== TASK INPUTS

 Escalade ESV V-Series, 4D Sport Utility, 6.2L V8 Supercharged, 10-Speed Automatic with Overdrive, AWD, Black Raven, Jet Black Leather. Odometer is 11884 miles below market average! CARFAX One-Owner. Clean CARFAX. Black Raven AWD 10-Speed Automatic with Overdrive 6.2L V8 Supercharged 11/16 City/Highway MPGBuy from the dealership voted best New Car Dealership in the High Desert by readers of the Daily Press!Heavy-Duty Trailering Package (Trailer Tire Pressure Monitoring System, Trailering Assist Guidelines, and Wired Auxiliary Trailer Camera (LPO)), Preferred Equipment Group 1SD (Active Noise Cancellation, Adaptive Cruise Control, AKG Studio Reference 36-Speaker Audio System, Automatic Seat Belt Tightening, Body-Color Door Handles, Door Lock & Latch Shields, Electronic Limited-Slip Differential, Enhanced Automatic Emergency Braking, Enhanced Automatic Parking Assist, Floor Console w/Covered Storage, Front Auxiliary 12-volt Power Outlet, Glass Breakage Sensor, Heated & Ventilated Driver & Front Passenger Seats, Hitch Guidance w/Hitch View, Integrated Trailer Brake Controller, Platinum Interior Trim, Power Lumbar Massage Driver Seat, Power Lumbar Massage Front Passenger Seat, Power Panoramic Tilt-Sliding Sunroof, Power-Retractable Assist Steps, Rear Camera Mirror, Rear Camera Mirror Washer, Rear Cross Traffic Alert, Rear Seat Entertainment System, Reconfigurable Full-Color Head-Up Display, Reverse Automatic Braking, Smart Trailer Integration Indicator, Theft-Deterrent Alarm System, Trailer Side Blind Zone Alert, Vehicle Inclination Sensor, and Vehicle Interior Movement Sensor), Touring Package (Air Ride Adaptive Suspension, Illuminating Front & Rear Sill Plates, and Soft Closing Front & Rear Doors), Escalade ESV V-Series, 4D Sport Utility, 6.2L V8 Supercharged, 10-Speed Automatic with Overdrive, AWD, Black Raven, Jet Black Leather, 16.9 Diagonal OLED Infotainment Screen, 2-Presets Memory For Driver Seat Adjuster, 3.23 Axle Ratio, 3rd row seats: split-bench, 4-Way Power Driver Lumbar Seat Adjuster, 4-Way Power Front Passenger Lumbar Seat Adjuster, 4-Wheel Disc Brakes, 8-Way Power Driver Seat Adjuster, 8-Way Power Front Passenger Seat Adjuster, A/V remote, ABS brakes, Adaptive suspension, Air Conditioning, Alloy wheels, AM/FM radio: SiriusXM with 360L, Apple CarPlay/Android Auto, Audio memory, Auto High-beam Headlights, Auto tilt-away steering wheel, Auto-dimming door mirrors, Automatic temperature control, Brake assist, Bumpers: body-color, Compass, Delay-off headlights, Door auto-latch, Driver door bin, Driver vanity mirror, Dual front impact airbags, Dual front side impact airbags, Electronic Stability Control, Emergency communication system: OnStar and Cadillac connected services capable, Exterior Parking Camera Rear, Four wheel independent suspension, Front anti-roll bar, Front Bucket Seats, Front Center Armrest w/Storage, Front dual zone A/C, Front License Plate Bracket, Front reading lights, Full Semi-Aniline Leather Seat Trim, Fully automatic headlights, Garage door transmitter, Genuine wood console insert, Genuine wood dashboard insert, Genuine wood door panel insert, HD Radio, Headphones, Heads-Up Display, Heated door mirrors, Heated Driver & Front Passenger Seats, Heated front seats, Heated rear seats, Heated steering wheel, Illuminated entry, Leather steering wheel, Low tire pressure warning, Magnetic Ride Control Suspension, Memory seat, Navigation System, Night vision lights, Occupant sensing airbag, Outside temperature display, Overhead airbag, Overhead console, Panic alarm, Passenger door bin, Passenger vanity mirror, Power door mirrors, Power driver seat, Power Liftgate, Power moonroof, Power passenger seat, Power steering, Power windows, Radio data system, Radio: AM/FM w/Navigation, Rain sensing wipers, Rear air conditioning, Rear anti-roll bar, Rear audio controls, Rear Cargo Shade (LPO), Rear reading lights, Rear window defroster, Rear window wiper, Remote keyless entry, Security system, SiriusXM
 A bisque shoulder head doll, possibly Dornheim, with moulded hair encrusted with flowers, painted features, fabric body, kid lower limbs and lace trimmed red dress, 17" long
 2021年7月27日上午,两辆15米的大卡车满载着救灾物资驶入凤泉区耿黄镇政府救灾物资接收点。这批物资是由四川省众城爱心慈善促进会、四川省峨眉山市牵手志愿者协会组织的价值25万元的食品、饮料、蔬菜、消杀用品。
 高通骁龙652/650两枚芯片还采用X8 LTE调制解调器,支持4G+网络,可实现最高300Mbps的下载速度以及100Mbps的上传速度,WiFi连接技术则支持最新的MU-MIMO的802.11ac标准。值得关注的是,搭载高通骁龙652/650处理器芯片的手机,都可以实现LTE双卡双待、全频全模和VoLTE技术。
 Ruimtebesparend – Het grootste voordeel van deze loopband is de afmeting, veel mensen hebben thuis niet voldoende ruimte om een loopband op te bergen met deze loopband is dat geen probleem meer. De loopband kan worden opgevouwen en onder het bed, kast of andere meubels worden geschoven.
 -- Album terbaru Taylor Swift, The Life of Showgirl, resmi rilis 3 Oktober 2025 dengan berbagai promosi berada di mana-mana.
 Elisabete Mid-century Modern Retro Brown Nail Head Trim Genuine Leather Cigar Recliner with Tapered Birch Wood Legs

====

WHAT NEEDS TO BE DONE:
Start at the line with "Ruimtebesparend – Het" and stop at the end of the records. Write those lines out exactly and add nothing.

WRITTEN SOLUTION:
 Ruimtebesparend – Het grootste voordeel van deze loopband is de afmeting, veel mensen hebben thuis niet voldoende ruimte om een loopband op te bergen met deze loopband is dat geen probleem meer. De loopband kan worden opgevouwen en onder het bed, kast of andere meubels worden geschoven.
 -- Album terbaru Taylor Swift, The Life of Showgirl, resmi rilis 3 Oktober 2025 dengan berbagai promosi berada di mana-mana.
 Elisabete Mid-century Modern Retro Brown Nail Head Trim Genuine Leather Cigar Recliner with Tapered Birch Wood Legs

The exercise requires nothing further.